In the material below, the lines between the one holding "Серебряный или золотой" and the one holding "녹지·문화 자원 시너지: 대형", inclusive, are to be set down word for word. Pictures stay out.

◆ Source data:
******

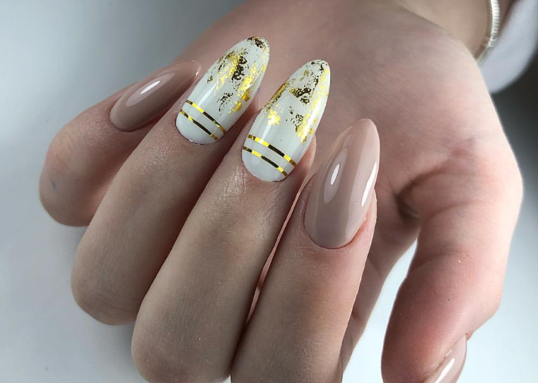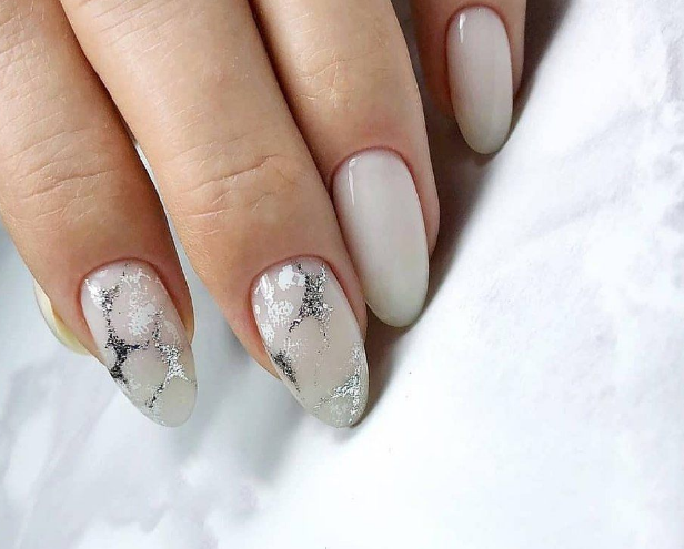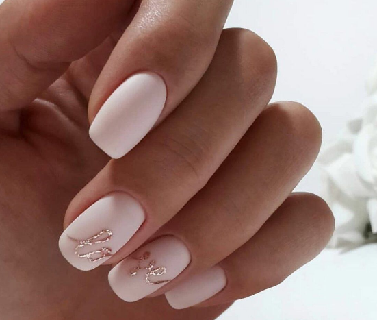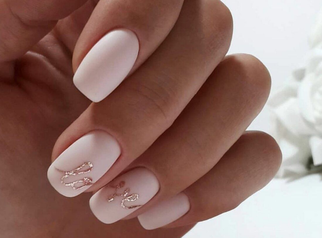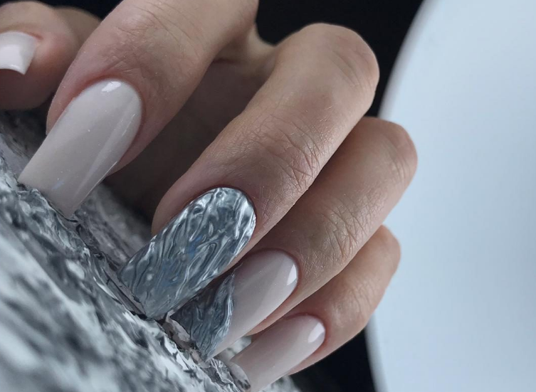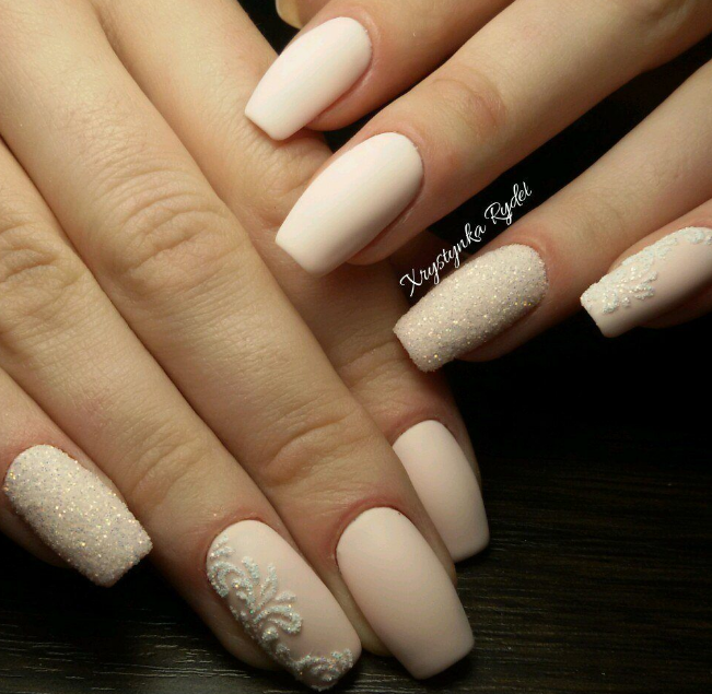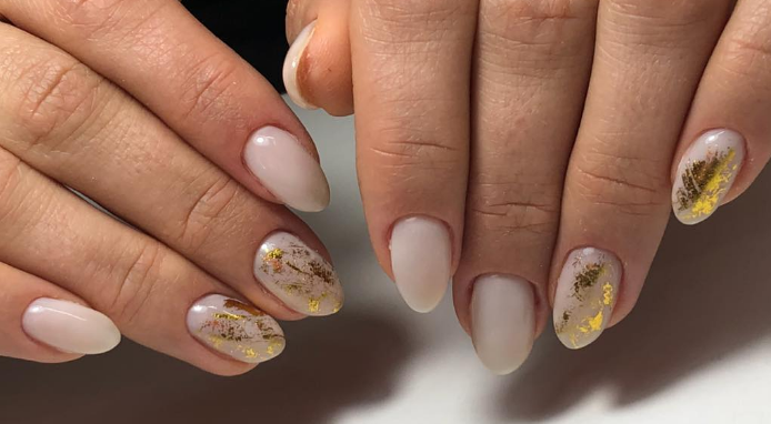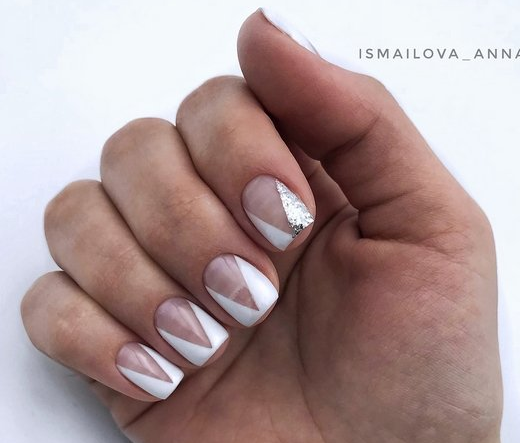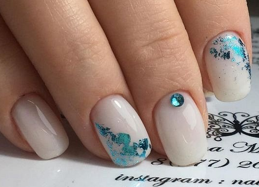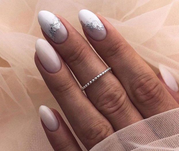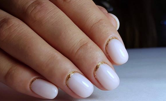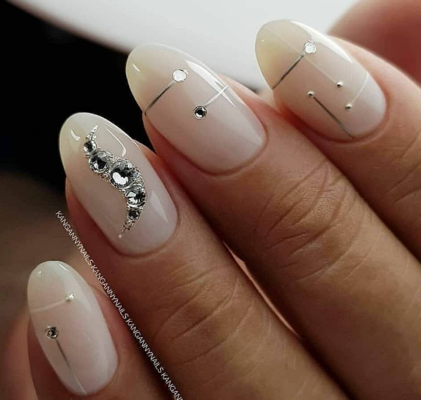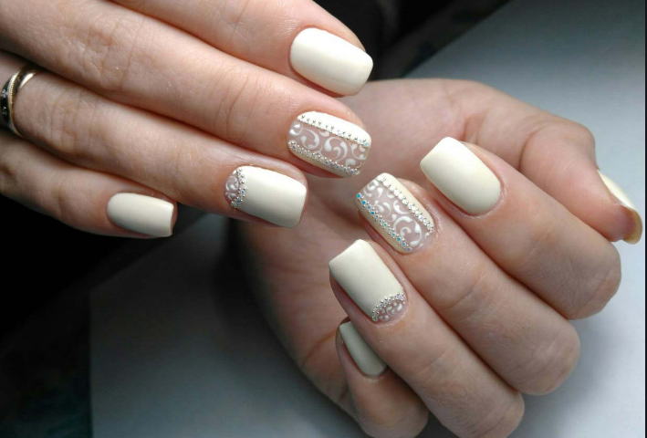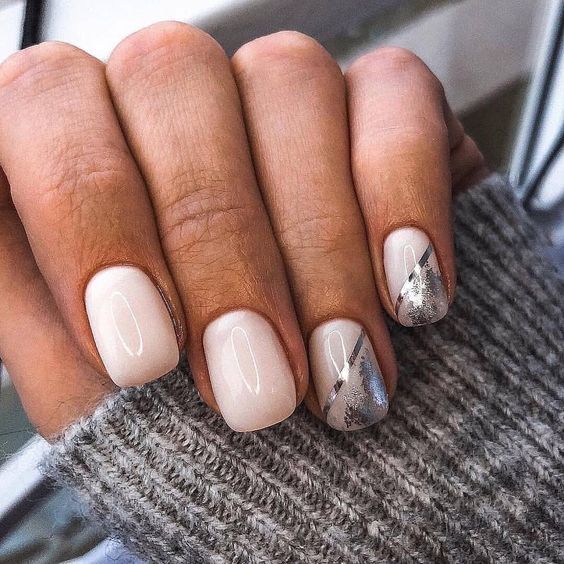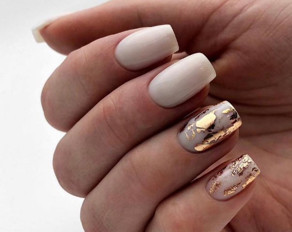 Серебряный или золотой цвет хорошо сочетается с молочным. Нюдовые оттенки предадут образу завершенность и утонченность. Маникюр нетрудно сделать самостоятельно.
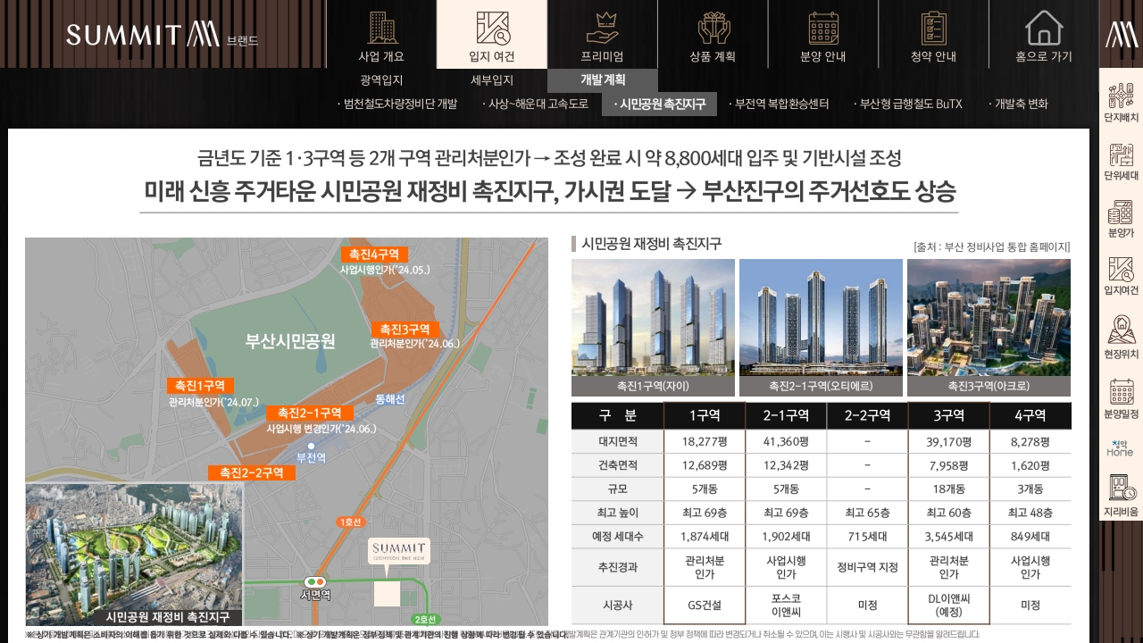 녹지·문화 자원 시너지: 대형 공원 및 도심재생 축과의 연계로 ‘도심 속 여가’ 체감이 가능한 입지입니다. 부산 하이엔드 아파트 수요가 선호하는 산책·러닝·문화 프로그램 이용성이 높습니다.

******

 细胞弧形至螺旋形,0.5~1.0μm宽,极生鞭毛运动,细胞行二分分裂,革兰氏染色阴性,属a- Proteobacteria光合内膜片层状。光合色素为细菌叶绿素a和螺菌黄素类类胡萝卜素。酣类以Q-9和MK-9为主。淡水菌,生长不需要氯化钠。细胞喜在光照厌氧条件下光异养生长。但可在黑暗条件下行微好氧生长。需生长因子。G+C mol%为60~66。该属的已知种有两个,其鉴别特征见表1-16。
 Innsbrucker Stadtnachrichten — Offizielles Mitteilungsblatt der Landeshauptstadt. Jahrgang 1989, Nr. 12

******

◆ Finished task:
 Серебряный или золотой цвет хорошо сочетается с молочным. Нюдовые оттенки предадут образу завершенность и утонченность. Маникюр нетрудно сделать самостоятельно.
 녹지·문화 자원 시너지: 대형 공원 및 도심재생 축과의 연계로 ‘도심 속 여가’ 체감이 가능한 입지입니다. 부산 하이엔드 아파트 수요가 선호하는 산책·러닝·문화 프로그램 이용성이 높습니다.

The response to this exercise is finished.